Selects fixed anchor points, then measures consistency of distance profiles from anchors to random data splits. More robust to sampling variation than pure bootstrap approaches.
- Parameters:
X (np.ndarray) – Data matrix of shape (n_samples, n_features).
n_splits (int) – Number of random splits.
n_anchors (int) – Number of fixed anchor points.
n_per_split (int) – Number of samples per split.
metric (str) – Distance metric.
rank_normalize (bool) – If True, rank-normalize distances within each anchor before correlating.
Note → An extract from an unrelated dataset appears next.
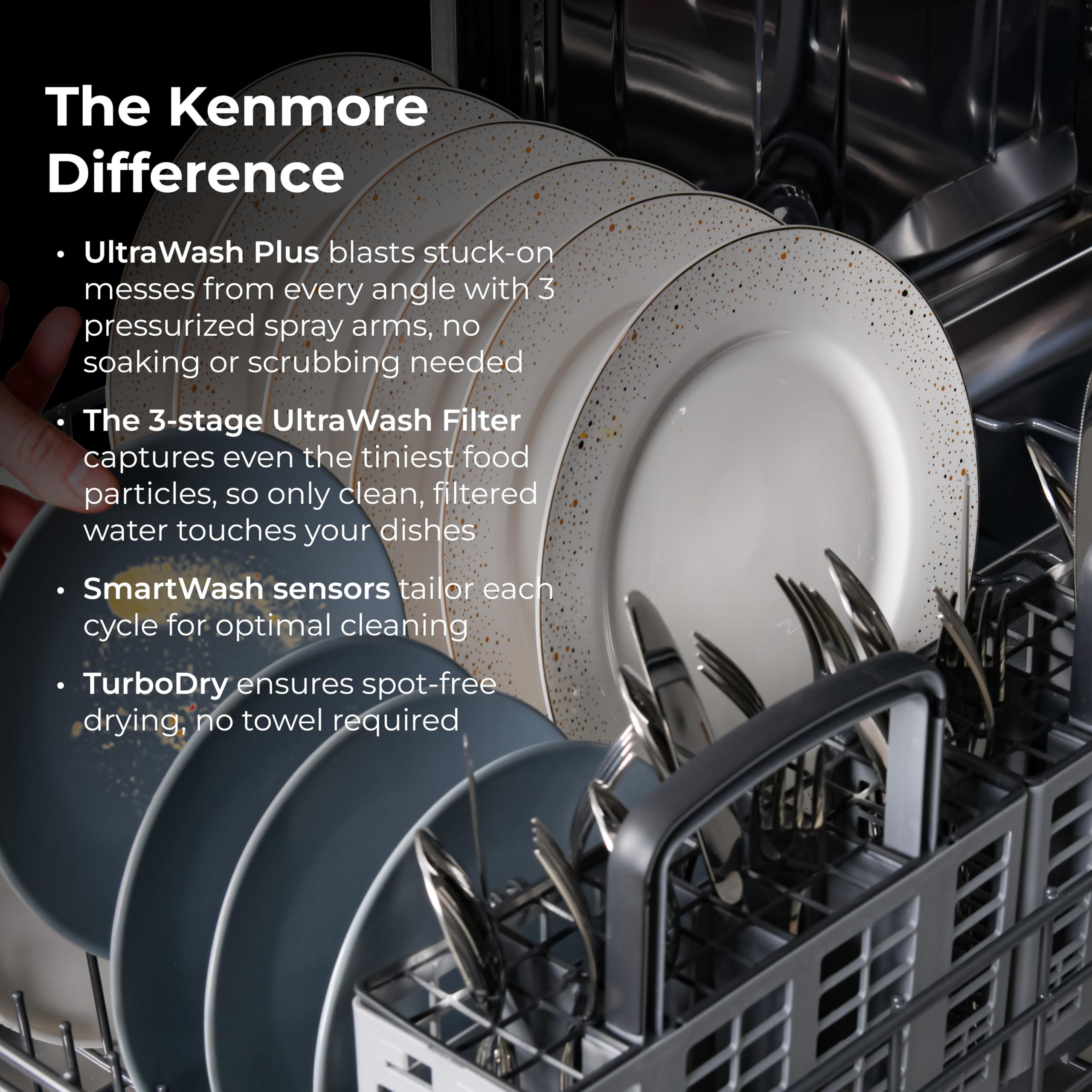 UltraWash Plus Power Cleaning: 3 pressurized spray arms clean dishes from every angle using fresh, filtered water. Accela Wash option cleans dishes if you're in a hurry. Sani Rinse option gets dishes seriously clean

seed (int, optional) – Random seed.
max_samples (int, optional) – Subsample to this many samples if exceeded.
- Returns:
Mean correlation of anchor distance profiles across splits.
- Return type:
- shesha.core.class_separation_ratio(X, y, n_bootstrap=50, subsample_frac=0.5, metric='euclidean', seed=None)[source]¶
Class Separation Ratio: ratio of between-class to within-class distances.
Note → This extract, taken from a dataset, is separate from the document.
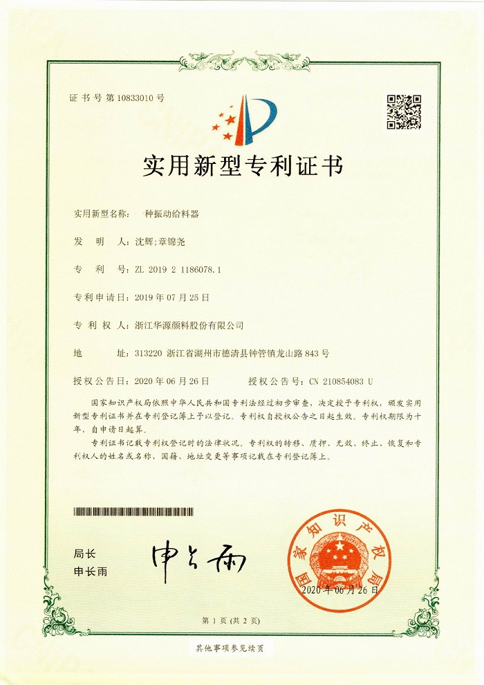 華源顏料六項專利喜獲授權

Measures how well-separated classes are in the representation space. Uses bootstrap subsampling for computational efficiency and stability. Related to Fisher’s discriminant ratio but operates in distance space.
- Parameters:
X (np.ndarray) – Data matrix of shape (n_samples, n_features).
y (np.ndarray) – Class labels of shape (n_samples,).
n_bootstrap (int) – Number of bootstrap iterations for stability.
subsample_frac (float) – Fraction of samples to use per bootstrap (0.0-1.0).
metric (str) – Distance metric: ‘cosine’ or ‘euclidean’.
seed (int, optional) – Random seed for reproducibility.
- Returns:
Mean separation ratio across bootstrap samples. Higher values indicate better class separation. Range: [0, inf), typically [0.5, 5.0].
- Return type:
Examples
>>> # Well-separated classes >>> X = np.vstack([np.random.randn(100, 10), ... np.random.randn(100, 10) + 5]) >>> y = np.array([0]*100 + [1]*100) >>> ratio = class_separation_ratio(X, y) >>> print(f"Separation: {ratio:.2f}") # High value
Notes
Higher values indicate representations where same-class samples are closer together than different-class samples, suggesting good discriminability.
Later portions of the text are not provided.